In 2026, the Why Error Code team observes that teams rely heavily on 401 for login and token-refresh scenarios, while 402 remains a theoretical option that only some APIs apply. The practical takeaway is to design clear error payloads and documented flows around these codes so clients can respond deterministically.
The Core Difference: Authentication vs Payment
The distinction between 401 and 402 is all about intent. A 401 signals that the user has not proven their identity, or the server cannot verify credentials presented in the request. When a 401 is appropriate, servers typically include a WWW-Authenticate header that describes a challenge, inviting the client to re-authenticate. A 402, on the other hand, communicates that the requested action requires payment or an active entitlement. Because there is no universal payment signal standard, the exact behavior depends on the API (e.g., redirecting to a checkout, presenting a payment flow, or surfacing a clear error payload with next steps). In most real-world APIs, 401 is the default authentication failure signal, while 402 is reserved for future use or specialized paid-resource scenarios.
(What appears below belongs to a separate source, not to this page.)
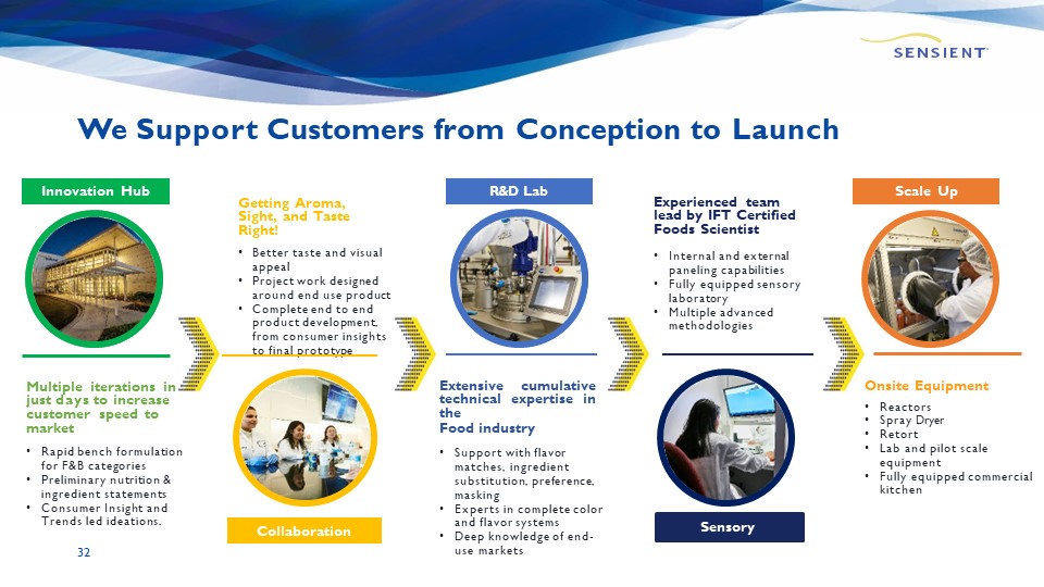 Getting Aroma, Sight, and Taste Right!  Better taste and visual appeal  Project work designed around end use product  Complete end to end product development, from consumer insights   to final prototype      Experienced team lead by IFT Certified Foods Scientist  Internal and external paneling capabilities  Fully equipped sensory laboratory  Multiple advanced  methodologies     Collaboration  Onsite Equipment  Reactors  Spray Dryer  Retort  Lab and pilot scale equipment  Fully equipped commercial kitchen  Scale Up  We Support Customers from Conception to Launch  32  Innovation Hub  R&D Lab  Sensory  Multiple iterations in just days to increase customer speed to market  Rapid bench formulation  for F&B categories  Preliminary nutrition & ingredient statements  Consumer Insight and Trends led ideations.  Extensive cumulative technical expertise in the  Food industry  Support with flavor matches, ingredient substitution, preference, masking  Experts in complete color and flavor systems  Deep knowledge of end-  use markets

When to Expect a 401 Unauthorized
A 401 Unauthorized appears when credentials are missing, invalid, or considered insufficient for the requested resource. Common patterns include: invalid tokens, expired sessions, or absent Authorization headers. Clients should prompt the user to re-authenticate or refresh tokens; servers should provide a clear WWW-Authenticate header showing the required scheme. For RESTful services, a 401 often implies that the user should attempt login again, obtain a new token, or grant consent for a refreshed session. Because this signaling is well-supported across libraries, you’ll see 401 frequently in OAuth flows, API backends, and services that enforce strict identity checks.
When to Expect a 402 Payment Required
402 Payment Required remains a rarely used status code with a murkier place in modern APIs. When it appears, it signals that access depends on a payment, license, or entitlement that hasn’t been satisfied. In practice, you may see 402 accompanied by a redirect to a payment gateway, a subscription check, or a license-verification step. Since there is no universal standard, many developers opt for alternative signaling, such as 403 Forbidden with a detailed error payload explaining the payment obligation or a 402 with API-specific semantics. If you do choose to implement 402, document the flow clearly so clients know exactly what to do next.
Practical Scenarios and Examples
Consider a streaming API that offers premium content behind a paywall. A user who hasn’t subscribed or paid might receive a 402 when attempting to start playback. The API could then respond with a structured payload outlining the required action (e.g., “payment_required”: true, “amount_due”: 9.99, “currency”: “USD”) and a link to complete the payment. For an application requiring login, a 401 might be emitted if the user’s token is invalid or missing. In that case, the body should explicitly describe the failure, offer a token-refresh URL, and suggest re-authentication. These concrete examples illustrate how the two codes function in real workflows and why choosing the right one matters for UX and automation.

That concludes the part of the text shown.